White noise filled my ears. It all made sense. My heart pounded and I let my knife and fork fall noisily onto the plate. People opposite us looked up in alarm.
“I thought that’s why she wanted to take you out to lunch, to tell you.” She squeezed my hand tightly. “They need to do more tests and well; it might not be so bad.”
Tears spilled onto my cheeks and my mouth filled with salt water. I didn’t want to cry, we were supposed to be celebrating not commiserating. “She didn’t tell me what it was, I tried to get her to but she didn’t. I told her I’d go with her for the tests.” My words came out in faltering sobs. “She said she wanted to go travelling.”

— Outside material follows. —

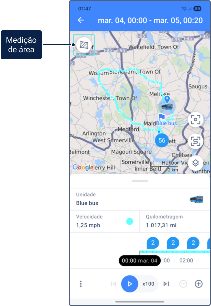 Você pode percorrer o percurso para ver onde a unidade estava em um determinado momento e como a velocidade e os valores dos parâmetros e sensores variaram.

“And she will, once she’s had treatment.” Dad poured me more champagne. “She’ll get through it Mira, tough as old boots she is.
It didn’t seem right to be drinking champagne, but as it was the only alcohol on offer I gulped it down gratefully. “She seemed more worried about my career than her health, or lack of it.”

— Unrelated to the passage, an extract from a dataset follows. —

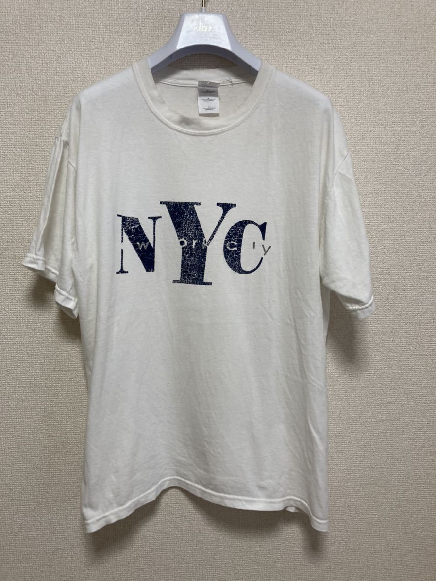 > USA古着 NYC ニューヨークシティ プリントTシャツ プリントロゴGILDAN 半袖Tシャツ アート デザイン 白L

Dad laughed, “Yes, that’ll be right, you’ve got some catching up to do with Tammy and Christian.”
“Don’t remind me,” I groaned. “The high achievers of the family, can’t I remain the black sheep?”
“Thought you were a fish?” Mother pulled an expression of comedic confusion.
We all laughed.
“She’s right though, I’ve been worrying about you myself Mira.” Dad squinted at me. “You can’t be a temp forever now can you? My credit card can’t take much more y’know.”
He winked at me but I knew he was semi-serious.
“It’s that or marriage and babies, take your pick.”
My love life emulated my working life, full of false promise and non-starters. “I’ve not been here much more than a month; give me a chance. Tammy and Christian are both older than me anyhow, and they had trust funds to get them started.”
“So it’s even more important you better them, show some competitive spirit.”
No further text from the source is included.